In the records below, find the line with "Cette exposition réunit" and the line with "TOYOTA PREMIO - лот 22093"; return exactly those lines and every line between them.
*** RECORD EXTRACTS ***
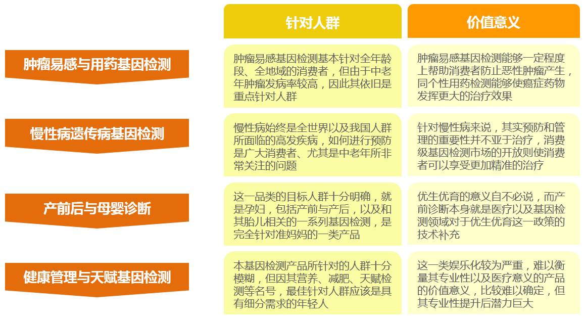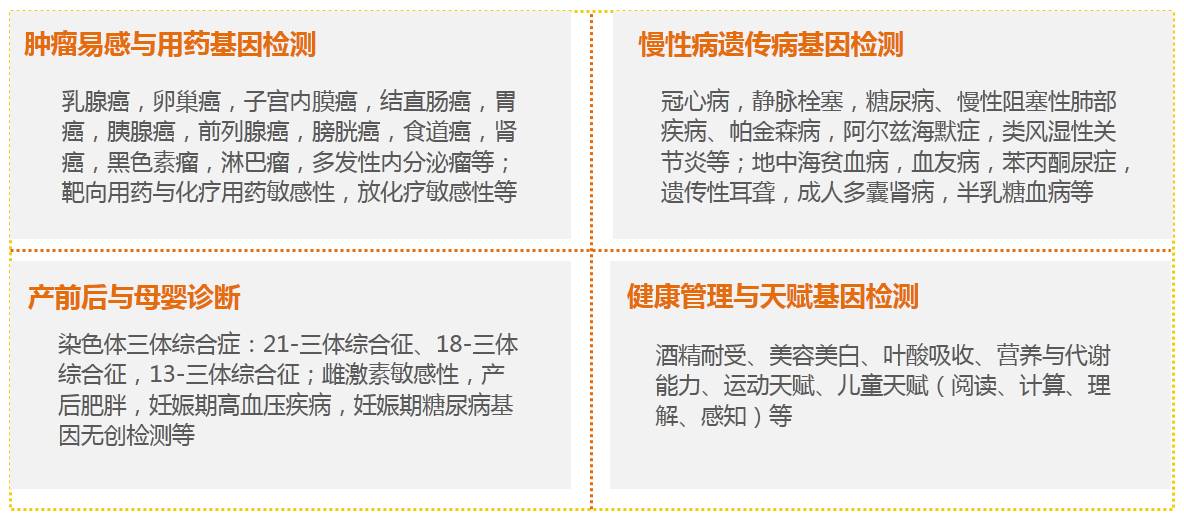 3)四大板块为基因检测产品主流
*** End of RECORD EXTRACTS ***
*** RECORD EXTRACTS ***
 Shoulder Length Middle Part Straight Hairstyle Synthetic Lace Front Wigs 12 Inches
*** End of RECORD EXTRACTS ***
*** RECORD EXTRACTS ***
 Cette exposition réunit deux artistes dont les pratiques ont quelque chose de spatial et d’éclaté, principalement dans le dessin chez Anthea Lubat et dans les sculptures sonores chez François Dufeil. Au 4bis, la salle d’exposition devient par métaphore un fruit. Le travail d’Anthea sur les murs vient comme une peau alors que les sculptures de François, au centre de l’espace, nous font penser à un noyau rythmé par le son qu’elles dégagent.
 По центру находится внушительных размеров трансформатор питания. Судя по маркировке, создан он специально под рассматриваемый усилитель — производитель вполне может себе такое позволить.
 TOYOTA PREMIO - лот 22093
*** End of RECORD EXTRACTS ***
WRITTEN RESPONSE:
 Cette exposition réunit deux artistes dont les pratiques ont quelque chose de spatial et d’éclaté, principalement dans le dessin chez Anthea Lubat et dans les sculptures sonores chez François Dufeil. Au 4bis, la salle d’exposition devient par métaphore un fruit. Le travail d’Anthea sur les murs vient comme une peau alors que les sculptures de François, au centre de l’espace, nous font penser à un noyau rythmé par le son qu’elles dégagent.
 По центру находится внушительных размеров трансформатор питания. Судя по маркировке, создан он специально под рассматриваемый усилитель — производитель вполне может себе такое позволить.
 TOYOTA PREMIO - лот 22093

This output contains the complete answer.